It is based on the SigmaTel STMP35xx system on a chip (SOC) and its software development kit (SDK) v2.6, a flash memory IC, and a USB-rechargeable lithium cell. The STMP35xx SOC and its software was the most fully integrated portable MP3 playback at release time and SigmaTel was Austin's largest IPO (2003) capturing over 60% of flash based MP3 player world market share in 2004. In 2005, peak iPod first-generation Shuffle production occurred at a hundred thousand units per day, at the Asus factory.

It lacks a display, click wheel, playlist management features, and the games, address book, calendar, alarm, and notes capability of larger iPods. Due to the formats not being ported, it is incapable of playing Apple Lossless and AIFF audio files.
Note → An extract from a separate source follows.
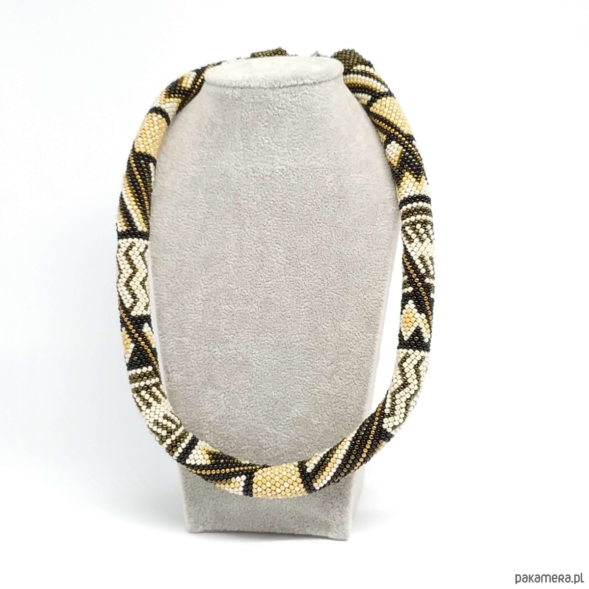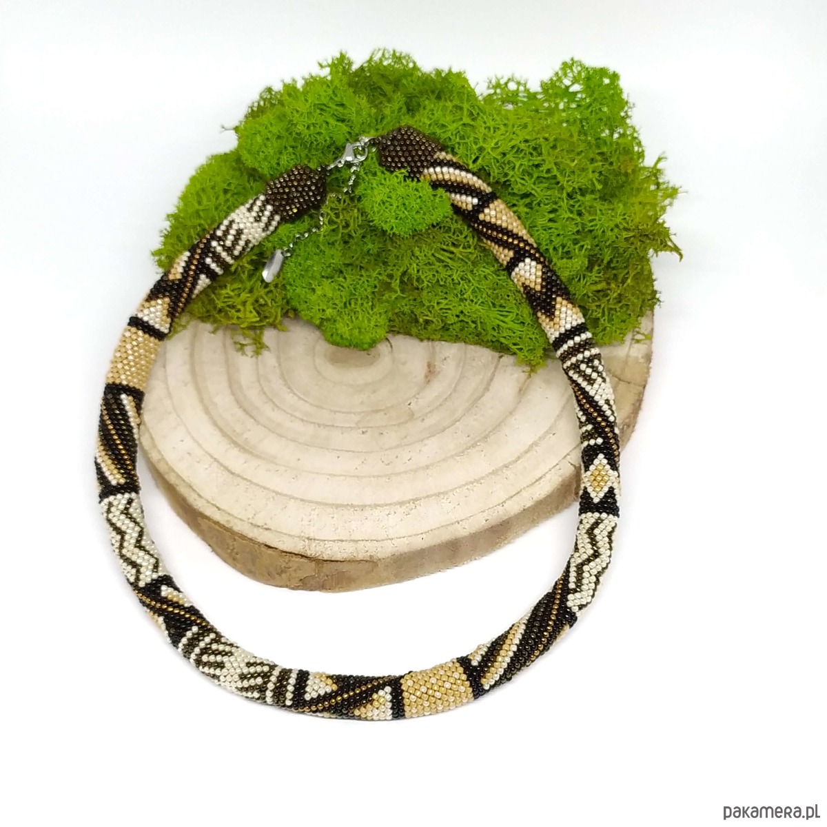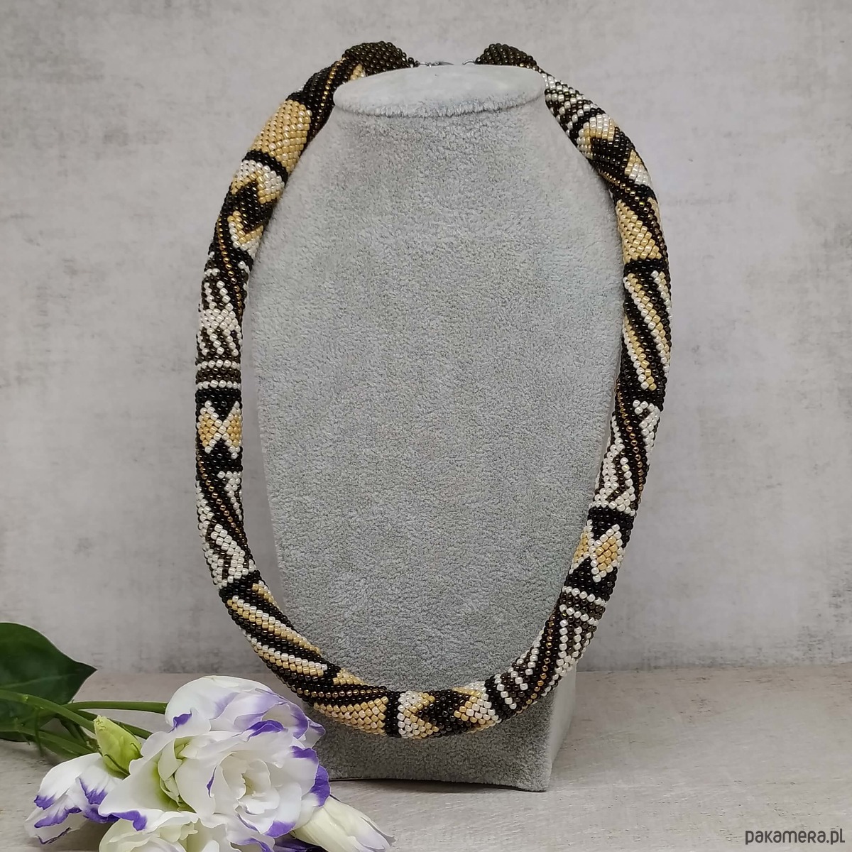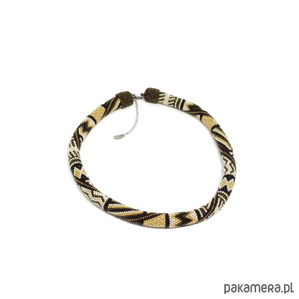 Koralikowy naszyjnik w którym wzory malują japońskie szklane koraliki w kolorze iris brown (ciemny brąz), czarnym, beżowym, kremowym i miedzianym. Wykończony końcówkami wykonanymi z koralików. Zapięcie stal chirurgiczna.

The iPod Shuffle series also lacks a real-time clock; therefore, it does not update the "Last Played" value in iTunes.

The 1 GB model was advertised as capable of holding up to 240 songs (based on Apple's estimate of four minutes per song and 128 kbit/s AAC encoding).
To cater to the limited capacity and intended usage scenario, two new features were added to iTunes: AutoFill, available as a supplement or replacement to manual selection, which selects songs at random from a user's music library (or from a specific playlist) and copies as many as would fit into the iPod Shuffle's storage; and an option to automatically transcode audio files of higher specifications to 128 kbit/s AAC-LC while transferring them (which would remain exclusive to the iPod Shuffle series until iTunes 9.1).
Furthermore, older versions of iTunes allowed an iPod Shuffle playlist to be viewed and changed while the unit is not connected; changes would be synchronized the next time the unit is connected. However, this functionality was removed in iTunes 7.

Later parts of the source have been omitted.